The Single Resolution Board (SRB) has published a report on its approach to the minimum requirement for own funds and eligible liabilities (MREL) in 2016 and its approach towards setting MREL in 2017 and beyond.

The SRB determined that a final MREL methodology would not be available in 2016 for two main reasons:

  • MREL is not a common regulatory standard but more a Pillar 2 instrument driven by the risk and resolvability profiles of each institution. This means that developing a methodology covering all relevant aspects represents a considerable challenge given the wide range of baking groups in participating member states; and
  • the current rules are likely to change following the release of the European Commission’s legislative proposal on Total Loss Absorbing Capacity (TLAC) and MREL in November 2016. However, SRB is committed to ensuring that it can resolve banks without significant negative impacts on financial stability, and so banks must therefore have sufficient and adequate MREL.

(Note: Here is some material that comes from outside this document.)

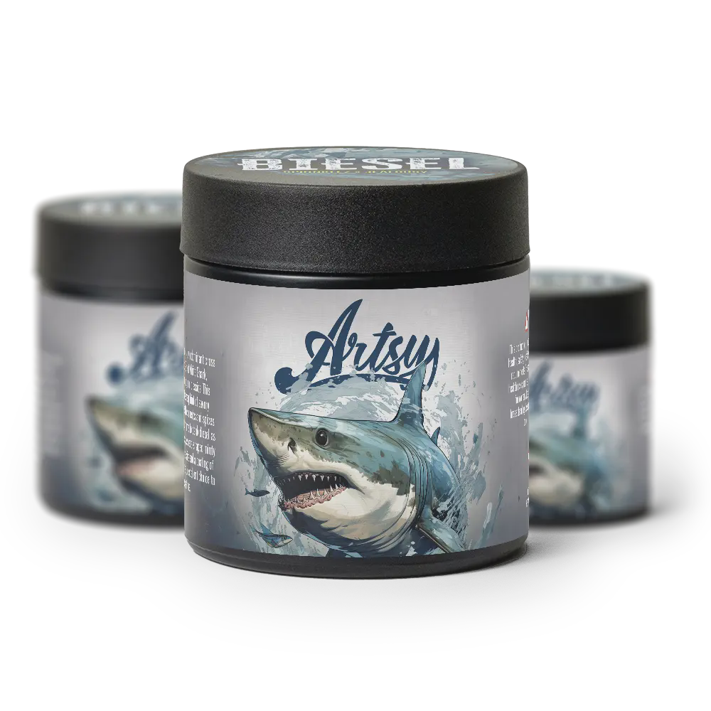 Artsy Craft Cannabis provides a uniquely memorable experience to its customers. Artsy works with top-notch cultivators & artists to develop premium flower and one of a kind packaging. Artsy cannabis is soil grown and hand manicured because we believe that quality product should burn clean, look great, and taste amazing. All of our plants are fed a nutrient line developed in-house and perfected by decades of experience. LINEAGE: Shark Haze x Sour Diesel ABOUT THE STRAIN: Sharks in the water! Biesel is a rare Sativa-dominant cross with a strong lineage that includes Great White Shark, Haze, Sour Diesel, and many other original classics. This bud has a skunky sour flavor with a sharp hint of savory diesel upon exhale. The aroma is of fresh herbs and spices with a heavy, pungent overtone that turns to dank diesel as the nugs are burned. Biesel buds have spade-shaped, minty green nugs with lots of dark orange hairs and a coating of thick frosty, clear crystal trichomes. An excellent choice to chill out and be inspired at the same time. STRAIN TYPE: Sativa-dominant.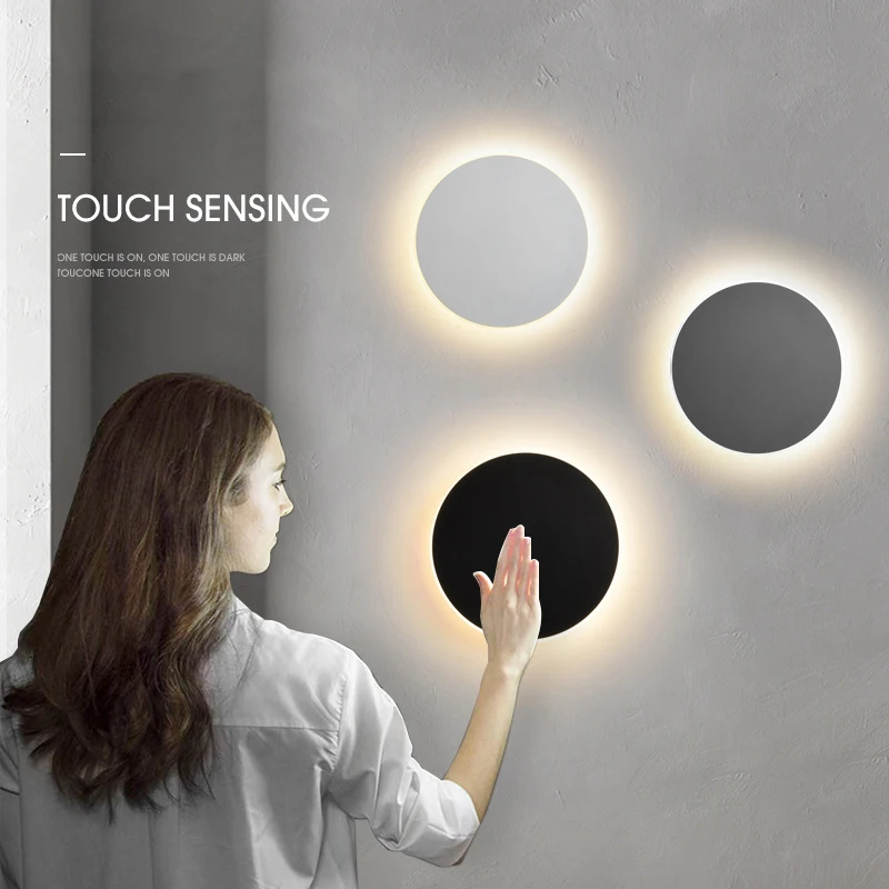 Круглая светодиодная настенная лампа, современный сенсорный выключа...

In terms of upcoming developments, the SRB intends to develop its MREL policy in 2017 with a view to setting binding MREL targets for the most systemic important banking groups in the EU Banking Union. The SRB will remain closely involved in the ongoing European legislative process in respect of TLAC and MREL while refining its MREL approach for 2017 and beyond.

The SRB intends to develop additional policies and methodologies in respect of MREL based on existing legislation and other relevant regulatory developments. These will include the calibration of MREL targets, the assessment of eligibility criteria, including subordination, as well as MREL positioning within banking groups and appropriate transition periods for banks in the Banking Union.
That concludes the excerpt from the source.